Kadel Willborn

Shannon Bool

18 Mar - 05 May 2012

© Shannon Bool
"O" Bars with Pen, Eyeliner and Cream, Detail, 2012
steel, bronze
253 x 77,2 x 46,3 cm
SHANNON BOOL
18 March - 5 May, 2012

The king looks out of the barred window and sees a singing bird outdoor. "From a Kingis Quair" is the title of a poem dedicated to James I. of Scotland, who in the 15th century was locked up for 18 years starting at the age of ten by three successive queens. The limited view of the world "outside", the reversal of this limitation to a freedom "inside", in the realm of psychology, which in turn shapes the perception of external reality, "occurs" in Shannon Bool ́s exhibition as a choreography of opposites. Such contextual shifts and transfers of meaning are characteristic of Shannon Bool ́s working method. She conceptually falls back on existing paradigms of cultural and social history and recontextualises their visual codes in her sculptures, photograms and paintings on silk.
The process-related alterations in the perception of things, transformations and shifts of form and value, permeate the new work complex on view in the current show, the centre of which is formed by a four-part group of bar sculptures.

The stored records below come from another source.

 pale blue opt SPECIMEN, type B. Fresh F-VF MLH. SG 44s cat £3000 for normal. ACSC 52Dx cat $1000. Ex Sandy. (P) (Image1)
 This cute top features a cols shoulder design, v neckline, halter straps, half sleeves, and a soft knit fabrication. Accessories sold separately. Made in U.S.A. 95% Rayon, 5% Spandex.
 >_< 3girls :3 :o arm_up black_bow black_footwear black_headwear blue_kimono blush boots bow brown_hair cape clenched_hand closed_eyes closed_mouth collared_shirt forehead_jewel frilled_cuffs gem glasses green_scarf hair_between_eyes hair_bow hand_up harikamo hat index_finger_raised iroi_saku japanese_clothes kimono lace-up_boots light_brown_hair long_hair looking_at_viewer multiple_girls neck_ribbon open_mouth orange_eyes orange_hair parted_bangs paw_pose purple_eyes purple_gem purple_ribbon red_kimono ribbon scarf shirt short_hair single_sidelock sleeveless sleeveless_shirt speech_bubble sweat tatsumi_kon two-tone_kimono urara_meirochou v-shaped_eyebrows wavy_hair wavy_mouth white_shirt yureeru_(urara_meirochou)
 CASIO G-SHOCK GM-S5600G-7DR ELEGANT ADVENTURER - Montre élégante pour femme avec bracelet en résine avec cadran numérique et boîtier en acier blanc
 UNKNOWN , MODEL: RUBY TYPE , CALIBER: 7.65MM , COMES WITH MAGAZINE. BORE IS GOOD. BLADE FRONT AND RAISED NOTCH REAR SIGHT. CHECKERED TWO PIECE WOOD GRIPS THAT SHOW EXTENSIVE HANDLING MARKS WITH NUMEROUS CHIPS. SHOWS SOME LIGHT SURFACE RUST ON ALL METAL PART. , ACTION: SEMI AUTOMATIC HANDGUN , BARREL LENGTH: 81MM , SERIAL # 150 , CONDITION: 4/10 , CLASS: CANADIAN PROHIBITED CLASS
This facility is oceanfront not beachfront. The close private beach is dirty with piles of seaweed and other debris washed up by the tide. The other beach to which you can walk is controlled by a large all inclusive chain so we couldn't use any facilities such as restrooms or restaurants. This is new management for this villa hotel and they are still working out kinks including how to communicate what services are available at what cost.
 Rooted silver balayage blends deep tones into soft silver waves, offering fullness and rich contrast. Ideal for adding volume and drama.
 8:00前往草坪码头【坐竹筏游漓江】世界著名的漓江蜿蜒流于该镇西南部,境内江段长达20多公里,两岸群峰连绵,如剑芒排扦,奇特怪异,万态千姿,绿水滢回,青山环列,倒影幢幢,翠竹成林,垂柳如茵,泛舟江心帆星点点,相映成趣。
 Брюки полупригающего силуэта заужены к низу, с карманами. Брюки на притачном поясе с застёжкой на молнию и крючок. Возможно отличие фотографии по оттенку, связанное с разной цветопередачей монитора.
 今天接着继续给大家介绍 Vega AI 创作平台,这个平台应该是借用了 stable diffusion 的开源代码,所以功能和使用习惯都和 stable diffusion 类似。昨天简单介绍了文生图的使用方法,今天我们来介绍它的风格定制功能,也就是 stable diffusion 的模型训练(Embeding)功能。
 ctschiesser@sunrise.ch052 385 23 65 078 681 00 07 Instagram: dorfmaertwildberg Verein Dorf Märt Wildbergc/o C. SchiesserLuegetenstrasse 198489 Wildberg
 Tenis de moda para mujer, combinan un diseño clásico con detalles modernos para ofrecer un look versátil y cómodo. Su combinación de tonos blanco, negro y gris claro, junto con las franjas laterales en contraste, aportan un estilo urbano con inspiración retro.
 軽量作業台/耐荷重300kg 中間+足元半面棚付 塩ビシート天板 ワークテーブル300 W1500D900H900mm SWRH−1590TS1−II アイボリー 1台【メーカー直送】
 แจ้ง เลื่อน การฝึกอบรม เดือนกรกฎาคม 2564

The freestanding bar group is based on a one-and-ahalf year project initiated by Shannon Bool at the women ́s prison in Berlin-Pankow, the building of which was erected at the end of the 19th century. Inspired by the contrast between the building ́s Jugendstil grating that is rich in detail and the both architecturally and socially de-individualised interior of the prison, the four bar sculptures are made of filigree steel. The minimalist
stringency is offset by polished bronze miniatures of the strictly regulated personal items of the inmates, for example, make-up utensils, cigarette boxes, pens, envelopes, or lucky charms. Comparable to pretentious jewellery by Cartier as far as their visual quality is concerned, the value of the objects is newly defined. The merging of alleged opposites is continued in the photograms "Gaza Zebra" and "The Allegory of Sleep". The
photograms are created by means of a collage of positive and negative transparent foils that are placed directly on the photographic paper to produce the actual picture through the direct exposure of the collage on the photographic paper. This drawing or painting with light is
embodied in a special way by the diptych "Gaza Zebra". The negative foils of a white and black donkey were overlapped to create the illusion of a zebra. At the same time, the fine contours of the tape used for the collage cover the entire picture like a pattern, traces of the chemical developer can be discerned and visualise the construction of the image space. The motif is based on the true event of the killing of the only zebra in a zoo located in the Gaza Strip and the resulting alternative
of painting black stripes on a white donkey. Like a window, the photogram "The Allegory of Sleep" opens the view to spaces that seem to lie behind the picture surface. Guarded by St Michael, one sees bedrooms from various contexts, from sparsely furnished ones to classics from the history of design. The new paintings on silk create "collages" of motifs drawn from different ages and combine fragments of black-and-white screen prints with painting. Found patterns of 1980s fashion design encounter avant-garde elements of Art Déco and modernism. Through several superimposed layers, the viewer takes an image-archaeological journey to values of high culture and everyday banalities. The silk works are mounted on special frames stabilised by a Perspex panes.
The silk ́s transparency turns the paintings into windows, appearing plane at first, but then including the surroundings and thus becoming intersections between inside and outside.